[Saved data entries]
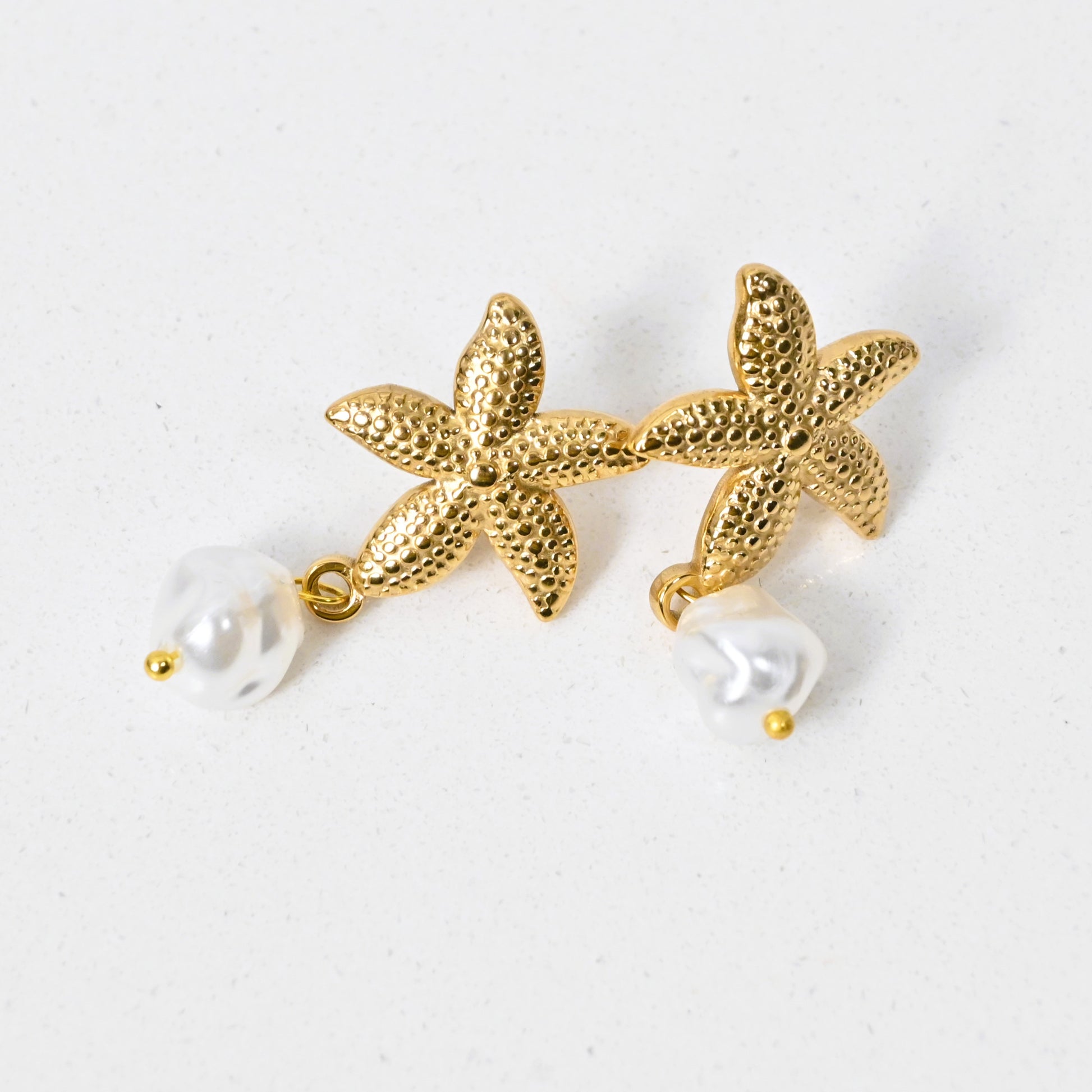 Elegant and lightweight, our stainless steel earrings with an imitation pearl offer a subtle shine that’s perfect for beach style. Designed as a charming star with a delicate dangling pearl, they bring a feminine, fresh, and versatile touch to any look.
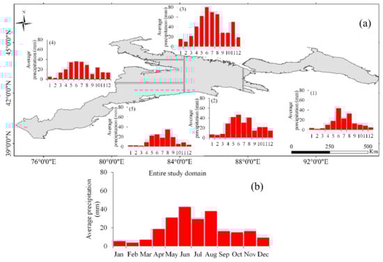 The performance of three SPPs was assessed over the Tianshan Mountains (Figure 1), the largest mountain system in central Asia. These mountains are located on the northwestern periphery of China [], and their estimated area is about 800,000 km2 []. The total stretch (from east to west) of the Tianshan Mountains is about 2000 km, and about 1700 km is in China []. This region has a very complex topography; the elevation varies from 7094 to 1173 m with a west to east gradient. The orientation and altitude of these mountains have a substantial influence on the patterns of regional weather and spatiotemporal distribution of precipitation []. These mountains experience a continental arid climate because they are at the furthest distance from the oceans (compared to the other large mountain systems in the world) []. These mountains contain several intermountainous river basins, glaciers, desert oases, and valleys [,]. The westerly circulation system and regional orographic lifting are the main sources of precipitation. Precipitation varies greatly with space and time (Figure 2), with more precipitation in summer and less precipitation in winter. Considering the accessibility of gauge-based precipitation data, only the Chinese part of these mountains (between latitudes 39°–46° N and longitudes 74°–96° E) (Figure 1) was selected for the assessment of SPPs. On the basis of distinct hydroclimatic conditions, these mountains can be divided into five sub-regions: East Tianshan (1), Middle Tianshan (2), Yili Valley (3), Boertala Valley (4), and West Tianshan (5). The sub-regional boundaries (as shown in Figure 1) were delineated by following Xu et al. []. The general characteristics of considered sub-regions are presented in Table 1. The Yili Valley experienced the highest average annual precipitation, while the lowest average precipitation was observed in the West Tianshan region (Figure 2). In the study domain, June was the month of highest precipitation while February was the month of lowest precipitation.
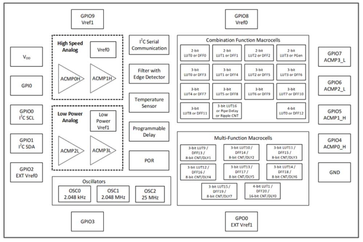 - 9 个可选 DFF/LATCH 或 3 位 LUT
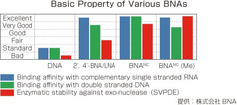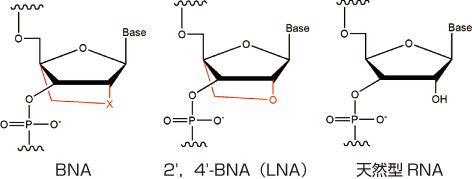 fig.1)の赤線表示の構造)、標的となるDNAやRNAに対する結合親和性を高め、かつヌクレアーゼ(核酸分解酵素)耐性をも獲得する架橋構造を核酸分子内に持つという、これまでの人工核酸とは異なるコンセプトで設計されました。RNA、一本鎖DNA、二本鎖DNAを分子標的としたゲノムテクノロジー(アンチセンス法、アンチジーン法、RNAi、デコイ法、遺伝子相同組換え、リボザイム、DNAエンザイムなど)に有用です。現在、核酸医薬品開発や診断システムなどの共通基盤材料として2’,4’-BNA(LNA)オリゴヌクレオチドの研究開発が進められています。
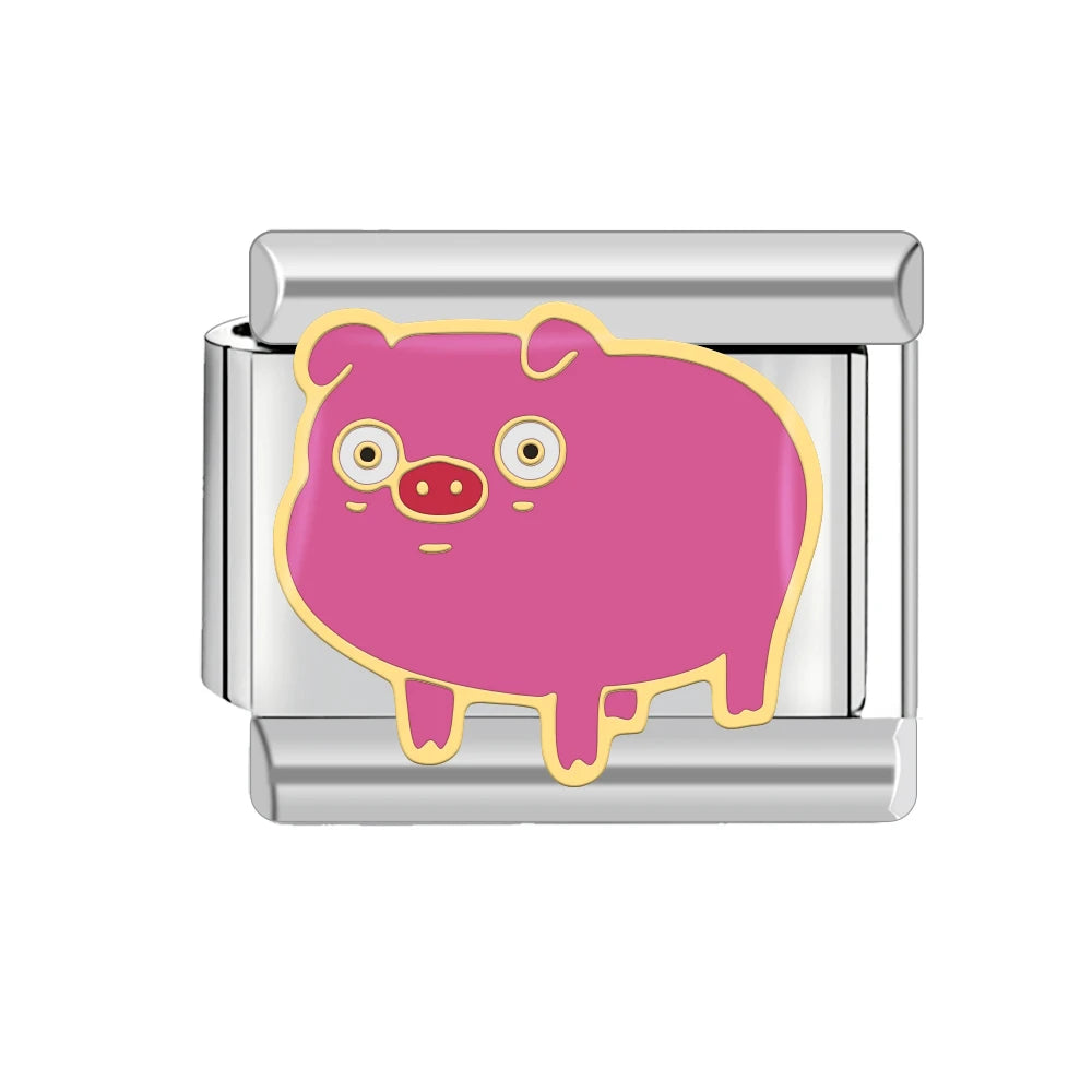 "Charm" z nerezové oceli ve stříbrné barvě s růžovým prasátkem.
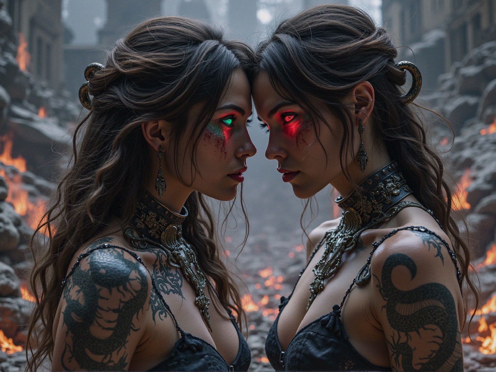Prompt: Fantasy artwork in the style of Roger Dean of Dejah Thoris standing next to a green eight-armed Giant in a fantastic Mars landscape with two moons in the sky
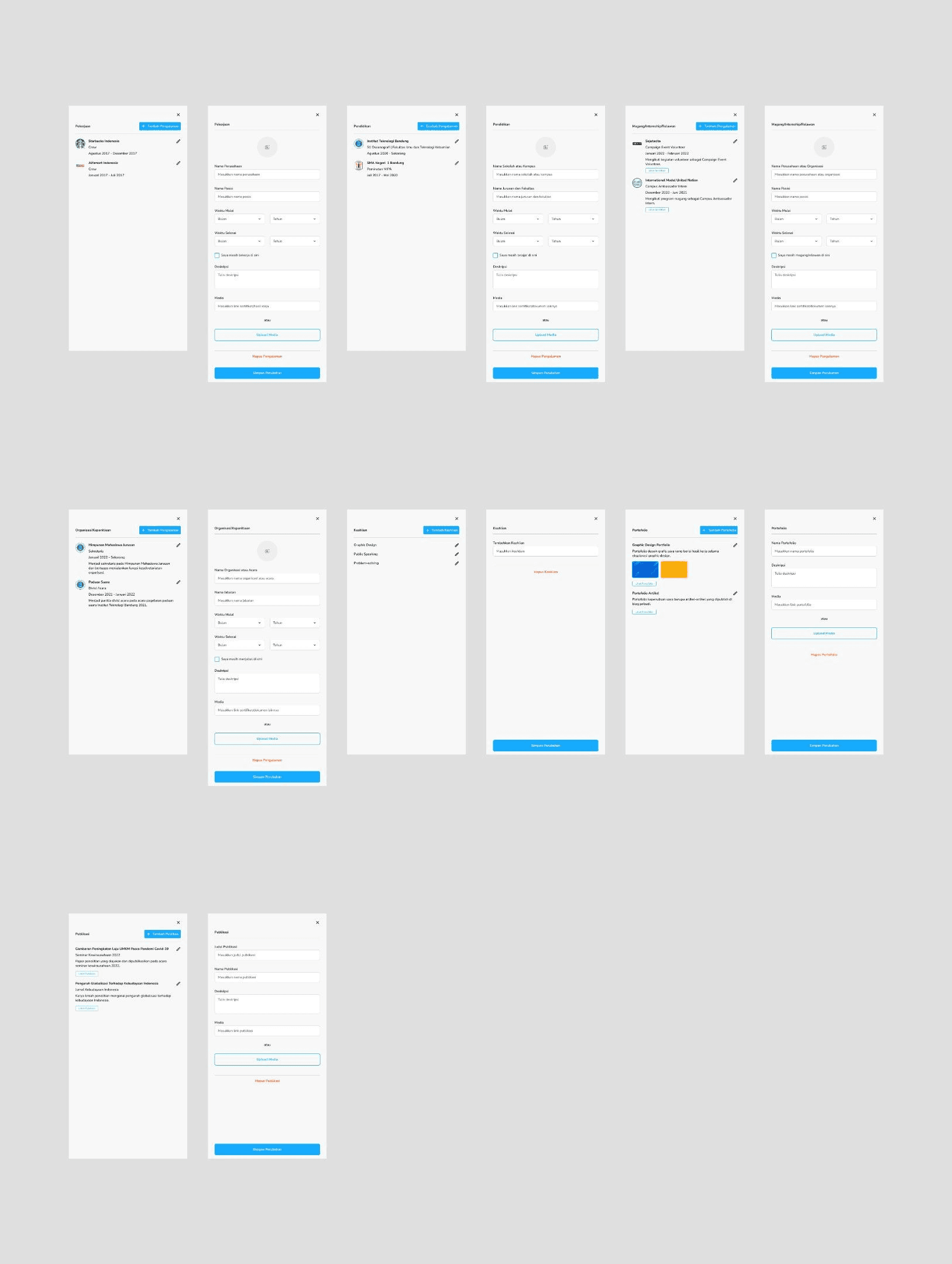 On each of the experience sections, users can add, edit, or delete any experience they want, thus making this profile page have a flow to add various users’ experience information.
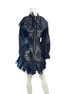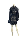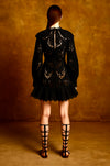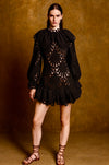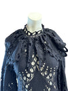 Experience timeless elegance in this one off vintage eyelet frill dress. This bespoke reworked piece is crafted from black cotton eyelet fabric, showcasing long balloon sleeves, a charming frill neckline, and a fitted silhouette with a matching frill hem. With a gold zip at the back, this dress is perfect for cocktail attire with boots or flat shoes.
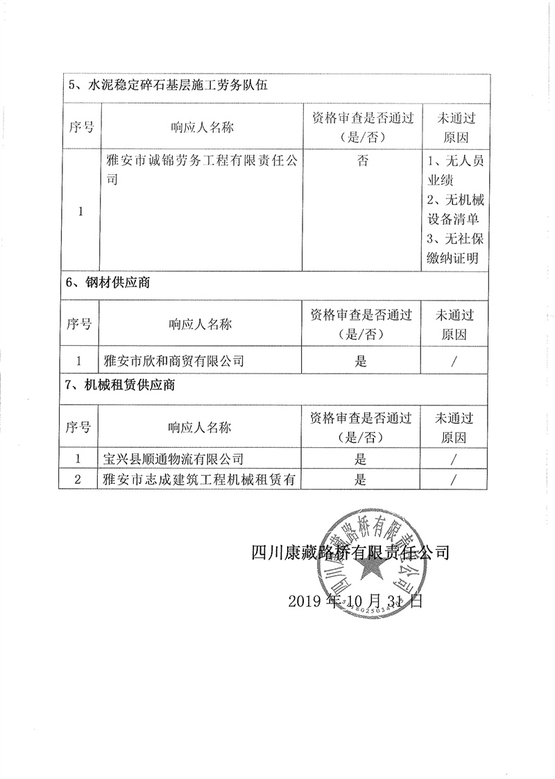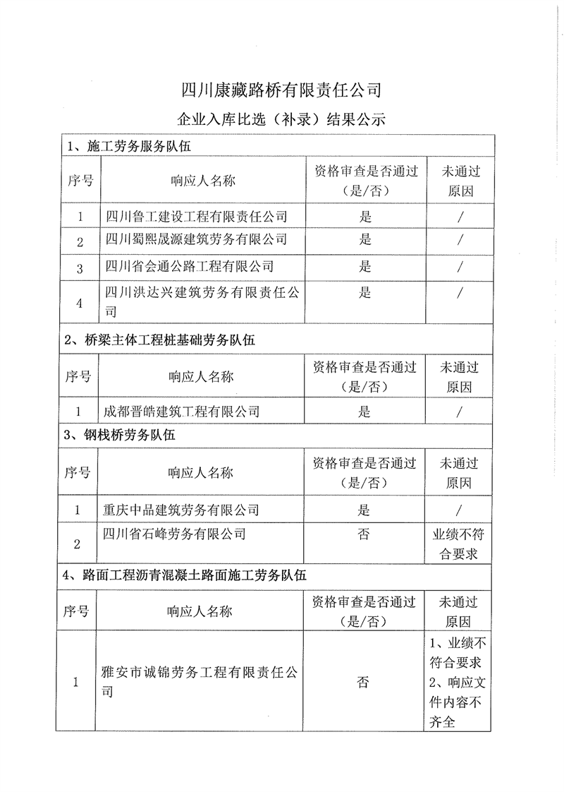 四川康藏路橋有限責(zé)任公司企業(yè)入庫(kù)比選(補(bǔ)錄)結(jié)果公示

- **Assigned task**: Would you output only the span of the records above that opens with the line containing "Prompt: Fantasy artwork" and closes with the line containing "On each of the", ends included and pictures dropped?

- **Task answer**:
Prompt: Fantasy artwork in the style of Roger Dean of Dejah Thoris standing next to a green eight-armed Giant in a fantastic Mars landscape with two moons in the sky
 On each of the experience sections, users can add, edit, or delete any experience they want, thus making this profile page have a flow to add various users’ experience information.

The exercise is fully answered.